Chen continues, “I remember I was looking into paintings and drawings, and of how women come together. And I came across this painting -- it’s with the Muses.” She explains how the set was created such that the characters became reminiscent of three of the Muses, the Greek goddesses of poetic inspiration, representing song, dance, and memory. “So we have this circular pool form with the three older generation women [around it]. Like a fountain, they [become] the statues there, while Liberty, being the youngest, and singing her heart out, like a poet, is trying to find her way. And [she] visits these three women that are ahead of her time.”

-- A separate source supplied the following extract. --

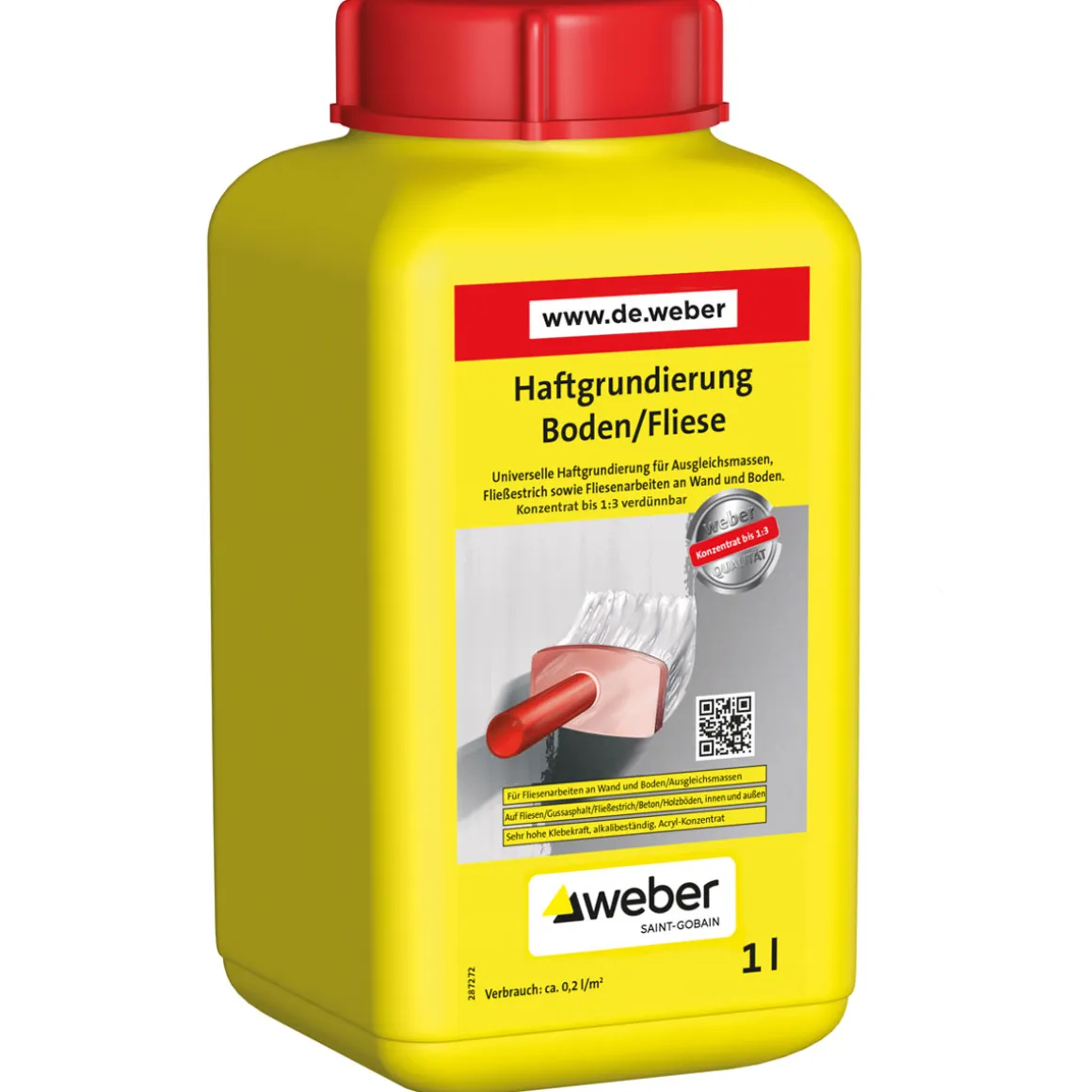 Verbrauch: 0,2 – 0,4 l/m² fertige Mischung, je nach Saugfähigkeit und Beschaffenheit des Untergrundes, bei stark saugenden Untergründen ist ein zweiter Arbeitsgang erforderlich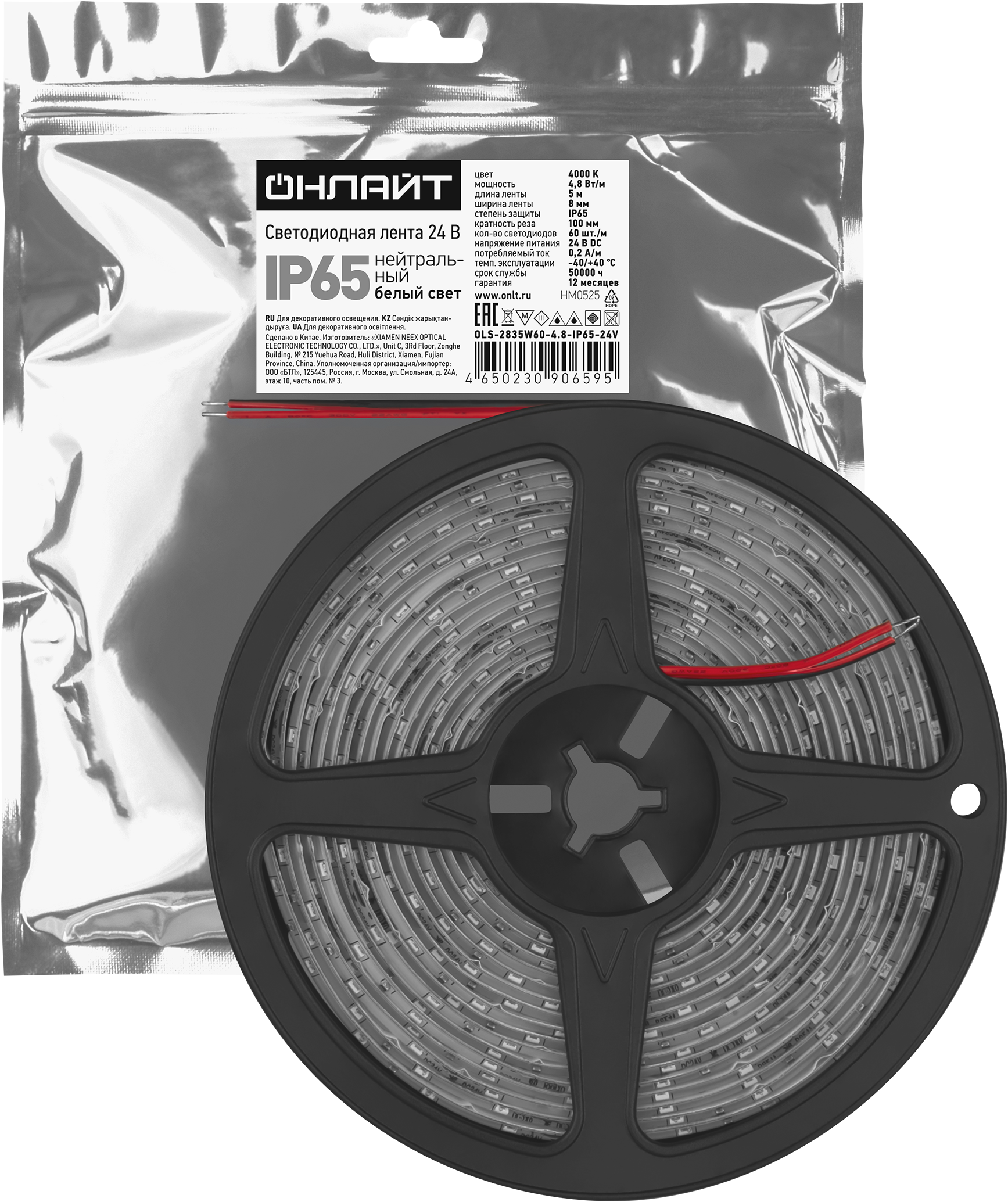 Лента светодиодная 4.8Вт/м 24В 4000К IP65 60 LED/м OLS-2835 5м

“You-Shin’s really devised something pretty amazing and unusual,” adds Jones. “There is something you don’t often see in theater, which is a set that has a living component, which is this pool of water. What you have is a really evocative environment that music can sort of live on.” Jones explains how the sound vibrations physically change the set as the water seems to react to the story unfolding onstage. “I’m very, very excited to see how the music will also ebb and flow, very much in the same way as the water.”

Jones also explains how he was personally drawn to Orlandersmith’s use of music. “What inspires me through it is how music plays into finding your identity and establishing who you are. Because, to me, my whole life surrounds music, I identify with that so strongly - that idea that this song is me, that music is me, these different musical influences are all the things that make up who I am.” And the characters would certainly agree.

“I’ve seen how people give birth to themselves or not,” expresses Orlandersmith. “I’ve seen older people who have not reinvented themselves, and they’ve used age as a weapon. And they automatically assume that somebody who is younger is going to make the same mistakes, the same way, that they did.” However, in New Age, this is definitely not the case. Jones agrees; he says that one of the things he was most inspired by in the script was how “they go through the show to sort of coalesce their experiences together – it’s this discovery that they’re all kinda badasses by the end of it. They all find themselves in each other and through their musical storytelling.”